Now that the campaigns are about
to start in the next 72 hours or thereabout, I wish to see improvements in the
media coverage of the campaigns and the elections arising from the capacity
building some of the political correspondents and journalists covering other
beats have received from organisations like the IPC. Having said that however,
I want to specially appeal to political parties and contestants in the
forthcoming elections to eschew hate speech, character assassination,
mudslinging, inflammatory comments and propagation of fake news. Heating up the
polity is an ill-wind that blows no good to anyone. Electoral violence should
not be part of the characterisation of the 2019 elections. Therefore,
candidates and their political parties should not engage in killing and maiming
of political opponents nor should they sponsor thugs to disrupt campaigns of
fellow contestants.
What is needful at this critical
juncture are issue-based campaigns. As I said in my presentations at the
aforementioned training, media practitioners must take candidates to task on
their campaign promises by clinically examining those pledges on their
feasibility quotient. The media must set the agenda for the forthcoming
campaigns. Political debates, town hall meetings and other campaign strategies
must be veritable platforms to ask candidates the right questions. Questions
about the country’s socio-economic developmental challenges and what they
intend to do about them should also be asked It is a known fact that
politicians campaign in prose but deliver in poetry. The media must not just indulge in
publishing or broadcasting campaign promises, journalists must ask how these
promises are to be achieved and within what timeframes.

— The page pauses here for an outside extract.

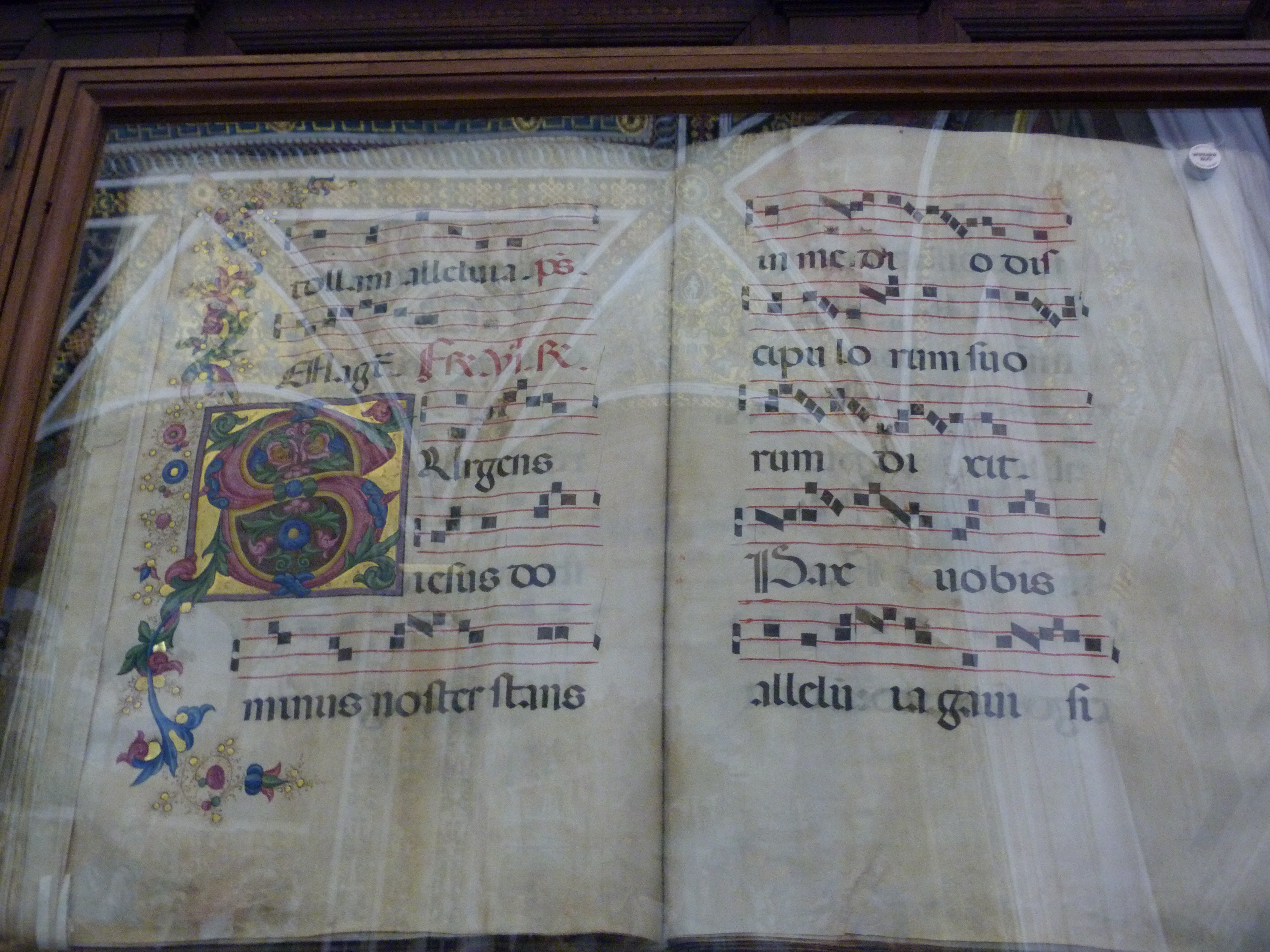 There is a small library attached, with a good display of liturgical manuscripts with gorgeous lettering and illumination.

On Monday, November 12, 2018, the
acting Chairman of the Economic and Financial Crimes Commission, Ibrahim Magu,
boasted to have recorded 703 convictions and recovered trillions of naira
within three years of being at the helm of affairs of the anti-corruption
agency. Magu announced that the EFCC under his watch recovered N794bn, $261m
(about N77.8bn), £1.1m and 407 mansions from looters. Can these claims be
independently verified by investigative journalists?
I look forward to knowing about
the stance of the 79 presidential candidates and hundreds of governorship
candidates in the 2019 elections on how they intend to fight corruption and run
accountable government when voted to power. What new legislation do the
thousands of contestants to the national and state assemblies intend to sponsor
to promote accountability in government? These are germane questions to ask by
journalists and the electorate from candidates as they criss-cross the length
and breadth of the country trying to woo voters ahead of the 2019 elections.